■ Problem statement
Only one stretch of the data below is wanted: the lines starting at the one with "Now you must" and ending at the one with "Ten wiklinowy domek", both included, given again exactly.
*** Input records Section Begins ***
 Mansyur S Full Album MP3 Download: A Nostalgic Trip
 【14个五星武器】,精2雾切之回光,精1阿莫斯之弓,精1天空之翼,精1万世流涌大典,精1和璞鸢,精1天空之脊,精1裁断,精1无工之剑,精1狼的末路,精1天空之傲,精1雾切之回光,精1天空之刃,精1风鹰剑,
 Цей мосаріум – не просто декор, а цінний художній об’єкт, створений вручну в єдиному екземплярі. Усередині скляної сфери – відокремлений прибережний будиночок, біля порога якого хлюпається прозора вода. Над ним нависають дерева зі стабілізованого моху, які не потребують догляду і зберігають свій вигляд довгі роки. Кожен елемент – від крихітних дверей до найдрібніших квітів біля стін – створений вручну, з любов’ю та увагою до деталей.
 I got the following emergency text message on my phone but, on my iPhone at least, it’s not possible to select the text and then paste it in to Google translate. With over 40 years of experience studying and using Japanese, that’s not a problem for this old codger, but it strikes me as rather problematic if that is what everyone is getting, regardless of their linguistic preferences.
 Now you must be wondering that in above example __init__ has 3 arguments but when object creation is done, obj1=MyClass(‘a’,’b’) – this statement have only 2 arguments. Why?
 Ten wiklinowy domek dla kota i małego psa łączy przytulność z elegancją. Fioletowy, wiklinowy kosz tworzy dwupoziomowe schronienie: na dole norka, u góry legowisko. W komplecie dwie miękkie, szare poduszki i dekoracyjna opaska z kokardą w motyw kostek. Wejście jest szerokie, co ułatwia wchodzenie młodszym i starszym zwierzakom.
*** Input records Section Ends ***
*** Input records Section Begins ***
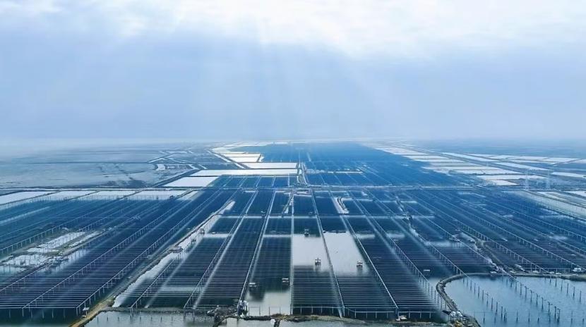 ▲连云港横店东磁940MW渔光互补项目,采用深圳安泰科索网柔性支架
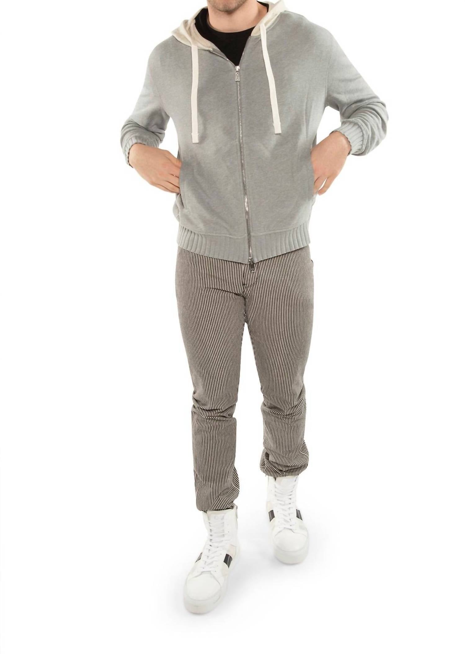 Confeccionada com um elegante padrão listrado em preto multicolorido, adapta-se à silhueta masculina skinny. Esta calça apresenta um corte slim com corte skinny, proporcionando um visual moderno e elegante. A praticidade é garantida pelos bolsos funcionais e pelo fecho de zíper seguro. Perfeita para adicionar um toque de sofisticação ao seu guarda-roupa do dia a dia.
*** Input records Section Ends ***
■ Answer box
 Now you must be wondering that in above example __init__ has 3 arguments but when object creation is done, obj1=MyClass(‘a’,’b’) – this statement have only 2 arguments. Why?
 Ten wiklinowy domek dla kota i małego psa łączy przytulność z elegancją. Fioletowy, wiklinowy kosz tworzy dwupoziomowe schronienie: na dole norka, u góry legowisko. W komplecie dwie miękkie, szare poduszki i dekoracyjna opaska z kokardą w motyw kostek. Wejście jest szerokie, co ułatwia wchodzenie młodszym i starszym zwierzakom.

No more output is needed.